With the functional migration approach we have here, there is nothing that stops us from continuing to run the servers running against the initial version while the migration is taking place. We can just replace the servers that simply run the initial version, with equivalent servers that are aware of that the migration is taking place. This would require just a slight modification: Every update or delete would need to perform the corresponding update or delete in the final schema. The whole process would look something like this:
- Vanilla version of initial servers running
- Create migration schema for initial version and create schema for final version
- Replace vanilla version of initial servers with migration-aware version of initial servers
- This can actually be performed with overlap, so that there is no downtime
- Start the meat of the migration, updating all the rows
- If any rows are updated by the servers in the meantime, these changes will be mirrored in the final schema
- Wait until all the data is migrated
- Shut down initial version servers
- Kick up final version servers
- Finish up the migration by dropping the initial version schema
It's a little involved, but we could have an SBT task to help walk the user through all the steps. And the gains are great. The only downtime is when we shut down the initial version servers and kick up the final version servers.

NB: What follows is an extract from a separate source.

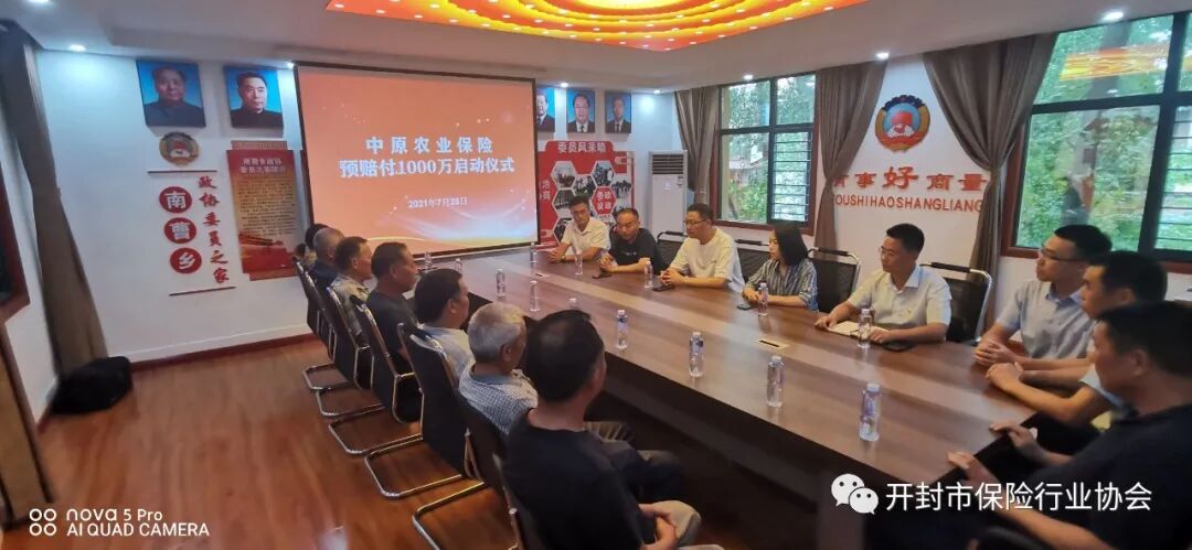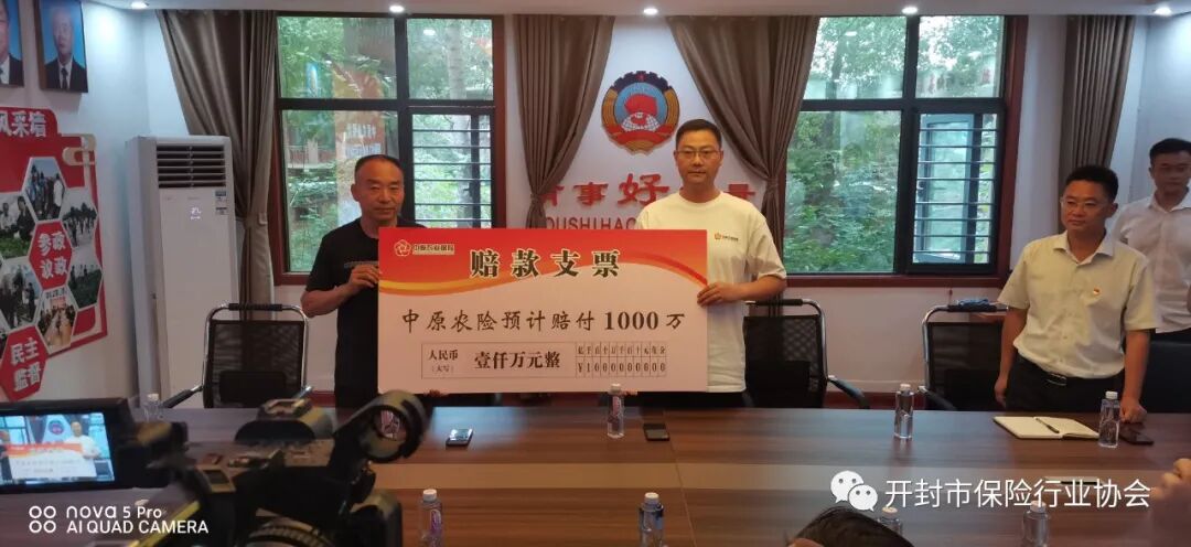 7月28日下午,尉氏县南曹乡政府出险了温馨和动人的一幕。中原农险开封市服务组负责人刘长河将受灾花生农作物预赔款1000万元标识牌交至南曹乡党委书记杨小保的手中,仅当天就已向南曹乡村民支付理赔款300万元。

We can take the soft stop migrations one step further if the update steps have an inverse function too. Maybe something like:
Migration.Builder.updateWithInverse[P1, P2](f: P1 => P2, g: P2 => P1)
In this way, we can expand the steps of the soft-stop migration above to include a phase where initial version servers and final version servers are running simultaneously. There would then have to be two versions of the final version schema: one that is aware of the ongoing migration, and one that is not. In total, something like this:
- Vanilla version of initial servers running
- Create migration schema for initial version and create schema for final version
- Replace vanilla version of initial servers with migration-aware version of initial servers
- Start the meat of the migration, updating all the rows
- Wait until all the data is migrated
- Kick up migration-aware final version servers
- Shut down initial version servers
- Kick up vanilla final version servers
- Shut down migration-aware final version servers
- Finish up the migration by dropping the initial version schema
On caveat here, the updateWithInverse
step above will only work assuming the migration from initial to final does not lose information. If information is being dropped, then we need to find a way to retain that when migrating an object backwards from final to initial version. The easiest way to do this would be to supply the original P1
when it is available. Something like this:
Migration.Builder.updateWithInverse[P1, P2](f: P1 => P2, g: (P2, Option[P1]) => P1)
Here, we stipulate that the Option[P1]
is None
if the object was newly created by the final version, and Some(p1)
if the object exists in the initial version as well.